Event Management: Reactive, Proactive or Predictive?
August 01, 2012

Larry Dragich
Technology Executive

Share this

Can event management help foster a curiosity for innovative possibilities to make application performance better? Blue-sky thinkers may not want to deal with the myriad of details on how to manage the events being generated operationally, but could learn something from this exercise.

Consider the major system failures in your organization over the last 12 to 18 months. What if you had a system or process in place to capture those failures and mitigate them from a proactive standpoint preventing them from reoccurring? How much better off would you be if you could avoid the proverbial “Groundhog Day” with system outages? The argument that system monitoring is just a nice to have, and not really a core requirement for operational readiness, dissipates quickly when a critical application goes down with no warning.

Starting with the Event management and Incident management processes may seem like a reactive approach when implementing an Application Performance Management (APM) solution, but is it really? If “Rome is burning”, wouldn’t the most prudent action be to extinguish the fire, then come up with a proactive approach for prevention? Managing the operational noise can calm the environment allowing you to focus on APM strategy more effectively.

Asking the right questions during a post-mortem review will help generate dialog, outlining options for alerting and prevention. This will direct your thinking towards a new horizon of continual improvement that will help galvanize proactive monitoring as an operational requirement.

Here are three questions that build on each other as you work to mature your solution:

1. Did we alert on it when it went down, or did the user community call us?

2. Can we get a proactive alert on it before it goes down, (e.g. dual power supply failure in server)?

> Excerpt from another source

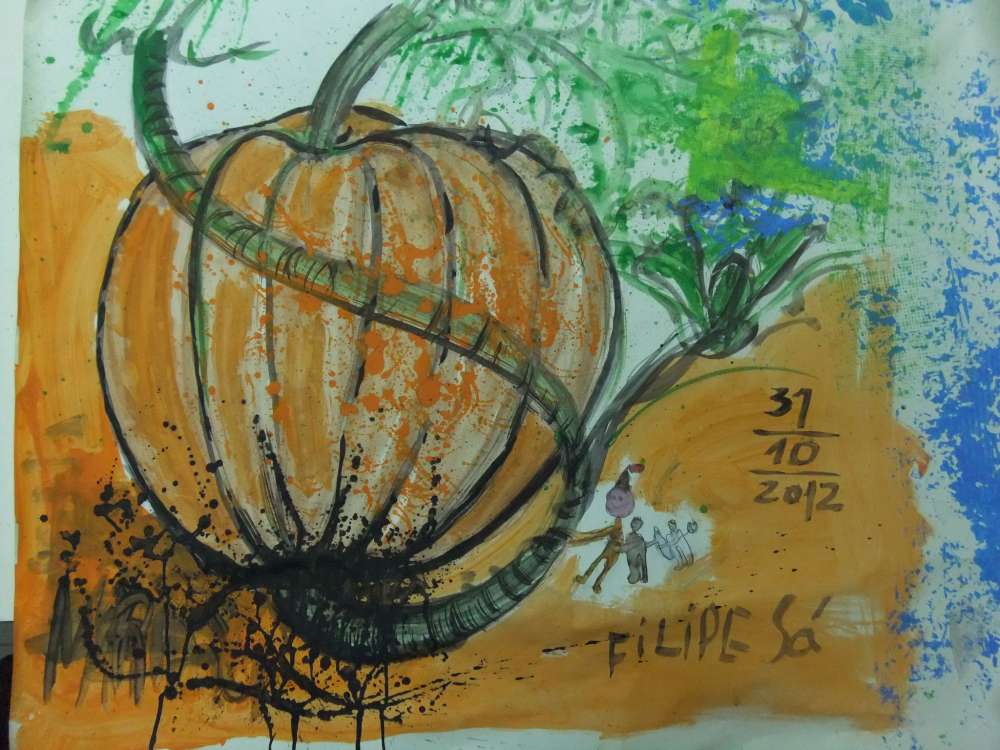 É um trabalho artístico da aluna Alice Cristina / Zé Mário Gonçalves, exposto no bloco E, no Polo 2. A repetir talvez com doce de abóbora, quem sabe...
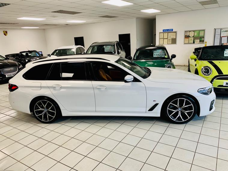 ** RESERVE ONLINE TODAY FOR £199 ** Just Arrived A Fantastic Looking BMW 520d X-Drive M-Sport MHEV Automatic Tourer Finished In Alpine White, Full BMW Service History, Serviced When Required At 12924 Miles, 24958 Miles, 29905 Miles, 41827 Miles, 19in Gloss Black Diamond Cut Alloy Wheels, Large Screen Satellite Navigation, Bluetooth Connectivity, DAB Digital Radio / USBc / USB, Part Electric Heated Cognac Dakota Leather M -Sport Seats, Leather Multi Function Steering Wheel With Paddle Shift, LED Headlights, Front And Rear Optical / Acoustic Parking Sensors With Rear View Camera Assist, Rear Privacy Glass, Power Operated Rear Tailgate, Cruise Control, Speed Limiter, Dual Zone Climate Control, Heated Power Folding Door Mirrors,

3. Can we trend on the event creating a predictive alert before it is escalated, (e.g. disk space utilization to trigger a minor@90%, major@95%, critical@98%)?

The preceding questions are directly related to the following categories respectively: Reactive, Proactive, and Predictive.

Reactive – Alerts that Occur at Failure

Multiple events can occur before a system failure; eventually an alert will come in notifying you that an application is down. This will come from either the users calling the Service Desk to report an issue or it will be system generated corresponding with an application failure.

Proactive – Alerts that Occur Before Failure

These alerts will most likely come from proactive monitoring to tell you there are component failures that need attention but have not yet affected overall application availability, (e.g. dual power supply failure in server).

Predictive – Alerts that Trend on a Possible Failure

These alerts are usually set up in parallel with trending reports that will help predict subtle changes in the environment, (e.g. trending on memory usage or disk utilization before running out of resources).


Conclusion

Once you build awareness in the organization that you have a bird’s eye view of the technical landscape and have the ability to monitor the ecosystem of each application (as an ecologist), people become more meticulous when introducing new elements into the environment. They know that you are watching, taking samples, and trending on the overall health and stability leaving you free to focus on the strategic side of APM without distraction.

You can contact Larry on LinkedIn

Related Links:

For a high-level view of a much broader technology space refer to the slide show on BrightTALK.com which describes the “The Anatomy of APM - webcast” in more context.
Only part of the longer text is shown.